MultiPath model addresses these issues with a key insight: it employs a fifixed set of trajectory anchors as the basis of our modeling
【CC】为了规避未来时空可行性的指数爆炸问题,引入一组固定的anchors(预先定义好的轨迹)

assume control uncertainty is normally distributed at each future time step,parameterized such that the mean corresponds to a context-specifific offset from the anchor state,with the associated covariance capturing the unimodal aleatoric uncertainty
【CC】后面对control uncertainty有解释,就是对anchors offset的数据分布的描述,先验的认为其满足正态分布。其期望是上跟当前场景/上下文相关的量,其方差是一个单峰值的随机量

Our trajectory anchors are modes found in our training data in state-sequence space via unsupervised learning.
【CC】anchorss(预先定义好的轨迹)是从数据集中通过非监督的方式学出来的(K-meas)

Our complete model predicts a Gaussian mixture model (GMM) at each time step, with the mixture weights (intent distribution) fixed over time
【CC】GMM模型的参数是不随时间变化的;逻辑上合理,这么思考在遇到同样的场景下agent做出的预期动作都是一样的

Given such a parametric distribution model, we can directly evaluate the likelihood of any future trajectory and also have a simple way to obtain a compact, diverse weighted set of trajectory samples: the MAP sample from each anchor-intent
【CC】如果模型给定,就可以直接计算出轨迹的似然, 就可以直接拿MAP(最大后验估计)作为其量化指标;这里就回答了最开始如何量化评价输出轨迹的质量问题

形式化描述:

Given observations x in the form of past trajectories of all agents in a scene and possibly additional contextual information. MultiPath seeks to provide (1) a parametric distribution over future trajectories s: p(s|x), and (2) a compact weighted set of explicit trajectories which summarizes this distribution well.
【CC】给定观测量X,包含所有agent历史轨迹和当前环境(后面有input如何结构化的描述). 本模型的目标 1)能够给出未来轨迹分布的参数p(s|x)(相当于拿模型拟合数据分布) 2)能够量化的评估预测轨迹的质量(前面已近说过, 用MAP)

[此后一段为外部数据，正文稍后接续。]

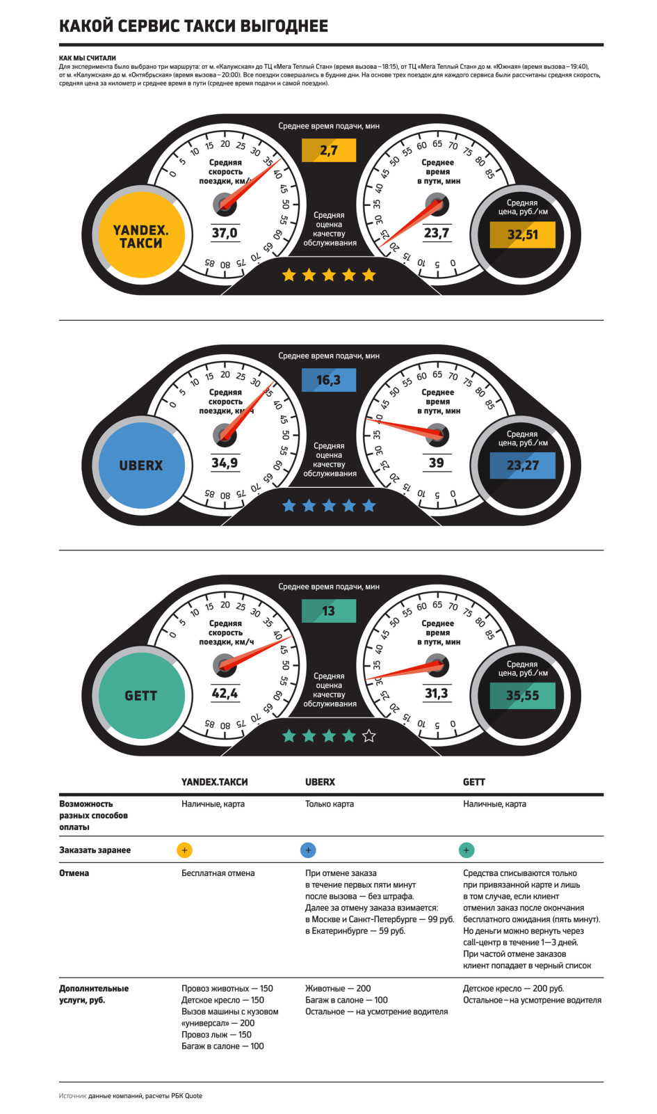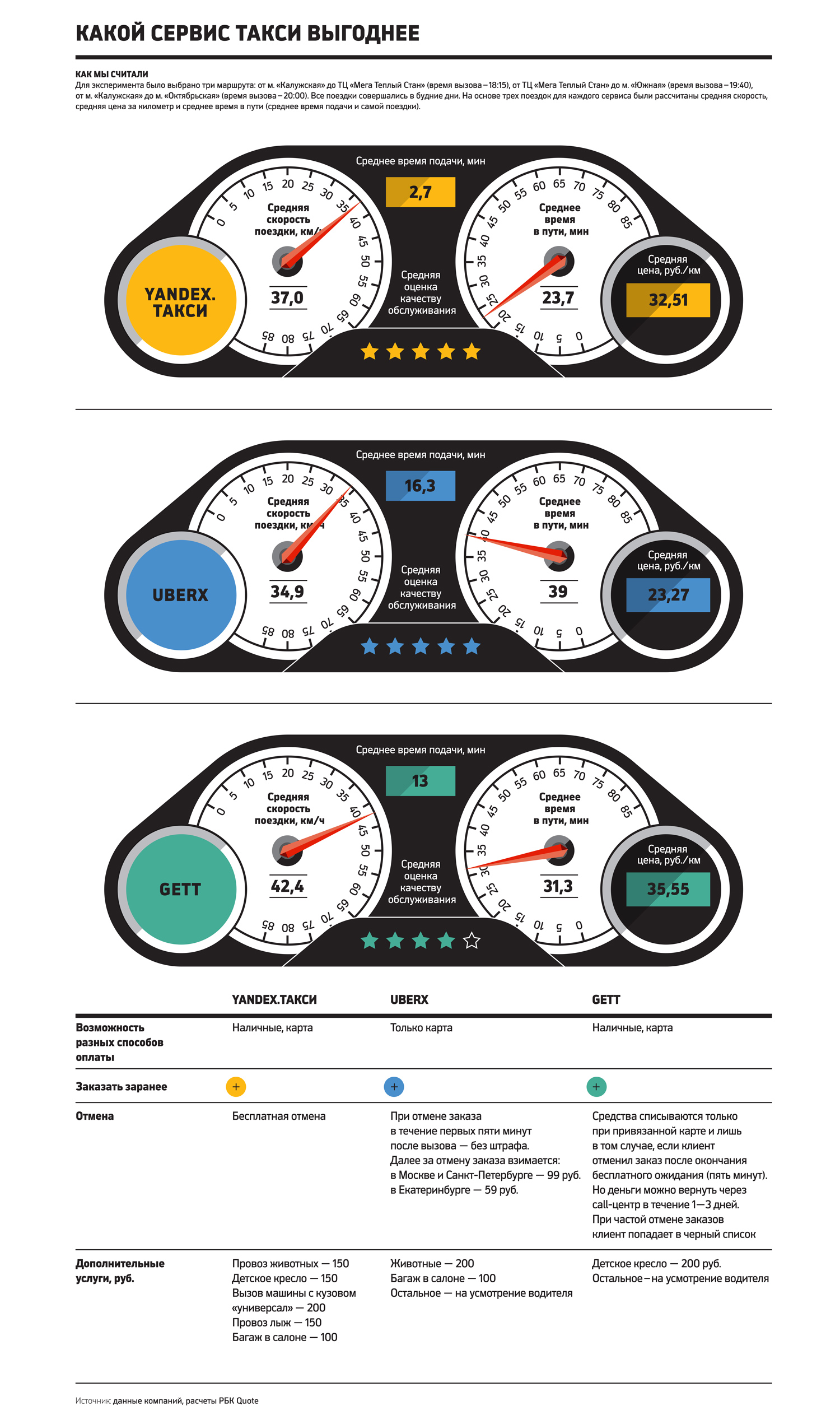 Для тестирования были выбраны самые дешевые тарифы у каждого из сервисов: «Эконом» у «Яндекс.Такси», «Комфорт» у Gett и UberX. По условиям эксперимента три сотрудника редакции РБК Quote одновременно вызывали такси с помощью одного из сервисов и ехали по одному и тому же маршруту. Всего с помощью каждого сервиса было совершено три поездки. Мы постарались выбрать маршруты с разной степенью сложности. Так, во время первой поездки необходимо было пересечь МКАД, выехав из Москвы. Во время второй поездки водителю нужно было пересечь МКАД, въехав в столицу. Еще одна поездка совершалась в пределах города. Время поездок было выбрано таким образом, чтобы попасть в час пик (с 18:00 до 20:00, по данным сервиса «Яндекс.Пробки») и, наоборот, проехаться по максимально свободным дорогам.

Let t denote a discrete time step, and let st denote the state of an agent at time t, the future trajectory s = [s1, . . . , sT ] is a sequence of states from t = 1 to a fixed time horizon T
【CC】st表征t时刻agent的状态

We factorize the notion of uncertainty into independent quantities. Intent uncertainty models uncertainty about the agents’ latent coarse-scale intent or desired goal . control uncertainty,which describes the uncertainty over the sequence of states the agent will follow to satisfy its intent. Both intent and control uncertainty depend on the past observations of static and dynamic world context x
【CC】将不确定性分为两类(即认为预测有两个随机变量,我们的目标就是去拟合这两个随机变量的分布):Intent uncertainty/control uncertainty,前者是粗粒度的不确定(比如,左转/跟随/右转),后者是服从于前者的状态分布的偏差,其也是一个随机变量;认为两个随机变量都依赖于输入x. 个人理解后者应该是基于前者的一个分布,而不可能认为两者是独立的分布,本文应该是简单处理的

We model a discrete set of intents as a set of K anchor trajectories A = {ak}K k=1, where each anchor trajectory is a sequence of states: ak = [ak1, . . . , akT ]. We model uncertainty over this discrete set of intents with a softmax distribution:

where fk(x) : Rd(x) → R is the output of a deep neural network.
【CC】集合A表征所有预定的轨迹,ak表示第k条轨迹;基于当前输入x观察到第k条轨迹ak的“概率”,这里使用了softmax作为其“概率的度量”;进一步,这里的π(ak|x)就是上面Intent uncertainty的度量,即选中某条预定义轨迹的概率的度量;注意,这里fk(x)是NN学习的一个函数, 即,认为Intent uncertainty只依赖于输入x, 另我们并不知道fk的表达形式,通过NN网络学习获得;再观察一下,这里的f有K类,即认为这种关系有K类,即每种预定义轨迹针对输入x有不同的映射关系

We make the simplifying assumption that uncertainty is unimodal given intent, and model control uncertainty as a Gaussian distribution dependent on each waypoint state of an anchor trajectory

The Gaussian parameters µk tand Σkt are directly predicted by our model as a function of x for each time-step of each anchor trajectory akt . Note in the Gaussian distribution mean, akt + µkt, the µkt represents a scene-specific offset from the anchor state akt; it can be thought of as modeling a scene-specific residual or error term on top of the prior anchor distribution
【CC】假设control uncertainty直接服从高斯分布. 这么理解,一方面是数学处理上简单,另一方面已经确定了粗粒度的形式轨迹,现在是基于轨迹进一步的精细化,一般来说不会偏离预期轨迹(即其期望 akt + µkt)太远. 这里的µk/Σkt认为只与x相关而与ak无关,回顾前文,即认为control uncertainty是与Intent uncertainty无关的量,只与x相关;这里就有上面的疑问了,直觉上两者应该是有关联的! 如果把µk记为µk(x, ak)认为µk需要有两个入参来确定,而实际µ本身有k类,是做了分类的,所以感觉也没啥必要;这里的φ(skt |ak, x)就是control uncertainty的概率,够直接了

The time-step distributions are assumed to be conditionally independent given an anchor, i.e., we write φ(st|·) instead of φ(st|·, s1:t−1).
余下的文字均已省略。